Using the entries below, output exactly the lines from the one containing "CSN afirma estabilidade" through the final line, both included, and no others.

Items listed in a dataset
_ _ _

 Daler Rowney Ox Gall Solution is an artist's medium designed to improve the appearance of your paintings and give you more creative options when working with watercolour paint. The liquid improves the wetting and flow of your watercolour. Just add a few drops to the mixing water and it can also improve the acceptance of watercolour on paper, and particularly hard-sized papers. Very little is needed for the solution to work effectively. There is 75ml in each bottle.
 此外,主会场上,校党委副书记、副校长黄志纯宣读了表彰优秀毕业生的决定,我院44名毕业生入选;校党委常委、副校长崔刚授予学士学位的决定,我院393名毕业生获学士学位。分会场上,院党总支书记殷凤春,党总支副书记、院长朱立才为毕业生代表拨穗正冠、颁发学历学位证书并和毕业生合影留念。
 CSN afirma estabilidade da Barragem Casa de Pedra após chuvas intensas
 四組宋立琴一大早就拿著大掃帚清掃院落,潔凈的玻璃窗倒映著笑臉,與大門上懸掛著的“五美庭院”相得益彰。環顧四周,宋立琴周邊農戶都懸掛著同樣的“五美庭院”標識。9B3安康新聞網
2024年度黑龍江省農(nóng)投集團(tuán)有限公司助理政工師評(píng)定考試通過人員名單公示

_ _ _

» **Result for this task**
 CSN afirma estabilidade da Barragem Casa de Pedra após chuvas intensas
 四組宋立琴一大早就拿著大掃帚清掃院落,潔凈的玻璃窗倒映著笑臉,與大門上懸掛著的“五美庭院”相得益彰。環顧四周,宋立琴周邊農戶都懸掛著同樣的“五美庭院”標識。9B3安康新聞網
2024年度黑龍江省農(nóng)投集團(tuán)有限公司助理政工師評(píng)定考試通過人員名單公示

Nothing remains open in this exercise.